I have searched around, but couldn't find the specifics I am searching for. The closest posts I've found are these two:
https://softwareengineering.stackexchange.com/questions/279069/how-does-a-program-talk-to-a-graphics-card
https://superuser.com/questions/461022/how-does-the-cpu-and-gpu-interact-in-displaying-computer-graphics
They both mention something similar to "In order to make the GPU do something, you have to make a call via a supported API". I know that, but neither of the two dig into the specifics of how that API call is made. Hopefully, the diagram below illustrates my question.
MyVulkanProgram.c with "#include <vulkan/vulkan.h>"
|
| (Makes call via Vulkan API)
v
This is the part I don't understand!
|
v
Driver (Mesa, for example) takes the request sent via the Vulkan API.
|
| (Driver asks GPU to perform task)
v
GPU does task
I don't care what or how the GPU does something. Just how it is invoked through the API call via Vulkan and how it propagates through the system. Ideally what I'm looking for is a code-snippet or link to where in the Vulkan source code the actual request is sent to the driver.
Or have I gotten it all wrong? Is Vulkan more part of the driver than I realize? Is it maybe the case that the driver includes the same Vulkan header as my "MyVulkanProgram.c" and the driver is linked together with library files such as libvulkan.so et al?
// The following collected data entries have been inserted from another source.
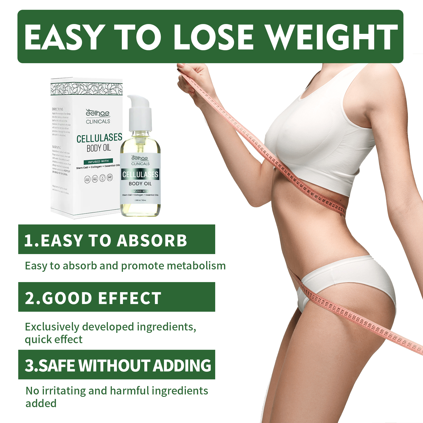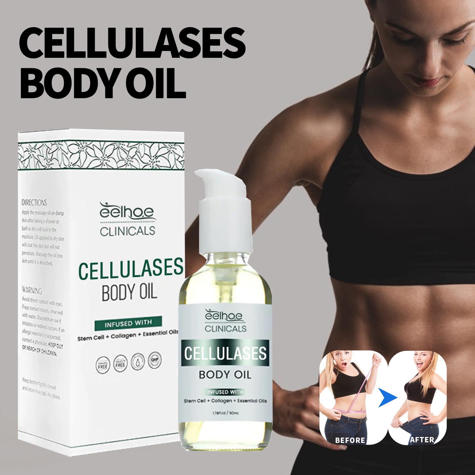 Our cellulose erasing body oil contains collagen, Jojoba oil, ginger root extract. It can reduce cellulite, improve skin softness, increase elasticity, soften and soothe, and tighten skin tone. Its use method is very simple: 1. Drop 2-3 drops of oil on the part to be replaced. 2. Gently massage in circular motions until completely absorbed. 3. For best results, apply twice a day in the morning and before bed. Cellulose wipe body oil deep treatment, direct contact with skin; Easy to absorb, promote metabolism.
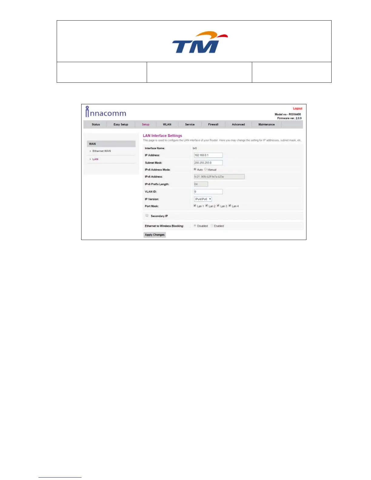 IPv6 Address IP Address for the LAN interface. Can be edit when
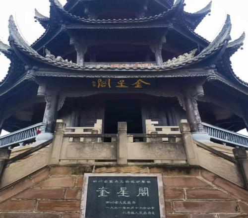 跟着网上的攻略逛仁寿。第一站是魁星阁。这是一座清代的木制建筑,建于奎星街东风山上。奎星阁由须弥座、阁身、宝顶三部分组成,阁身29米,为四重檐八面体攒尖式木结构建筑。现在是省级文物保护单位。
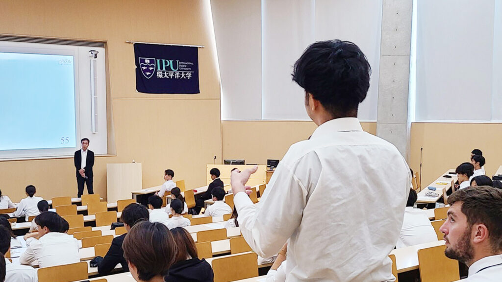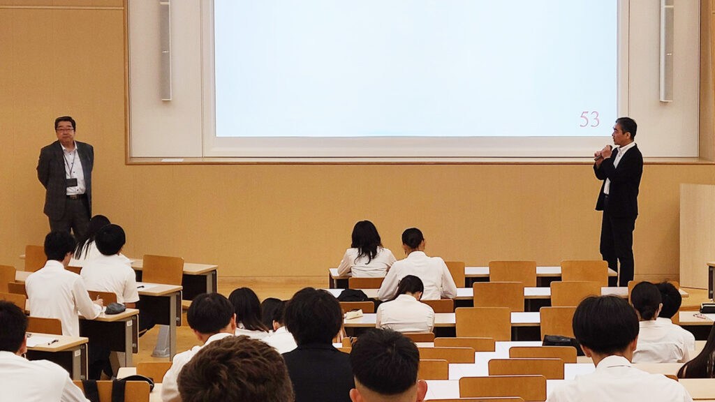 また、2025年前期にはキャリアデザインの授業にゲストスピーカーとして登壇。進路が決まっていない2年生約150名を対象に、幼少期からの歩みや浪人生活、大学時代の経験、そして現在のホテル経営における実践事例について講演されました。

Is it more like the diagram below?
MyVulkanProgram.c with "#include <vulkan/vulkan.h>"
|
| (Makes call via Vulkan API)
v
Driver (Mesa, for example, which includes the vulkan headers and is linked with the Vulkan shared object-files) takes the request sent via the Vulkan API.
|
| (Driver asks GPU to perform task)
v
GPU does task
Might be a basic question, might not be, but I'm confused nonetheless. Very thankful for any answers!
UPDATED Question:
After having read the answer from #krOoze (answer from krOoze), and given the "Vulkan loader" overview figure in the mentioned document, I can more precisely express my question.
How does an application, making a call via the Vulkan API, reach the ICD via the Vulkan loader?
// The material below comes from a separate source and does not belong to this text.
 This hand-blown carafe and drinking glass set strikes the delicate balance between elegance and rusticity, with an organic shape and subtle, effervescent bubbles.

You are looking for the Vulkan-Loader/LoaderAndLayerInterface.md documentation.
The app interfaces with The Loader (sometimes called Vulkan RT, or Vulkan Runtime). That is the vulkan-1.dll (or so).
The Loader also has vulkan-1.lib, which is classic dll shim. It is where the loading of core version and WSI commands happens, but you can skip the lib and do it all manually directly from the dll using vkGetInstanceProcAddr.
Then you have ICDs (Installable Client Drivers). Those are something like nvoglv64.dll, and you can have more of them on your PC (e.g. Intel iGPU + NV). The name is arbitrary and vendor specific. The Loader finds them via config files.
Now when you call something to a command obtained with vkGetInstanceProcAddress (which is everything if you use the *.lib only), you get onto a loader trampoline, which calls a chain of layers, after which the relevant ICD (or all of them) are called. Then the callstack is unwound, so it goes the other direction until the returned to the app. The loader mutexes and merges the the input and output to the ICD.
Commands obtained with vkGetDeviceProcAddress are little bit more streamlined, as they do not require to be mutexed or merged and are meant to be passed to the ICD without much intervention from the Loader.
The code is also at the same repo: trampoline.c, and loader.c. It's pretty straightforward; every layer just calls the layer below it. Starts at the trampoline, and ends with the terminator layer which in turn will call the ICD layer.

Related

SDL_CreateRenderer fails when compiled with software rendering only

I'm trying to compile a project (tyr-quake) with my custom build of SDL2. My SDL2 build among other things disables all accelerated video (OpenGL, OpenGLES, Vulkan, Metal, etc), X11 and Wayland, but enables KMSDRM.
All is well, and the project I wanted to compile with this build of SDL2 compiled too. Except that when running, SDL_CreateRenderer returns Couldn't find matching render driver (even if I modify the source to pass it SDL_RENDERER_SOFTWARE and set the SDL_HINT_FRAMEBUFFER_ACCELERATION hint to "0").
I looked around the SDL source code a bit, and the software SW_CreateRenderer is indeed being called, but later on (in SDL_CreateWindowTexture) it still wants to create a renderer using a different render driver (it explicitly avoids the software one).
I also tried patching the source code to do the following:
SDL_Surface *surface = SDL_GetWindowSurface(sdl_window);
renderer = SDL_CreateSoftwareRenderer(surface);
But that also failed, as SDL_GetWindowSurface fails with No hardware accelerated renderers available and returns NULL.
My question is: is there a way to only have software rendering with SDL when using KMSDRM, or am I required to have some hardware accelerated rendering option enabled and available.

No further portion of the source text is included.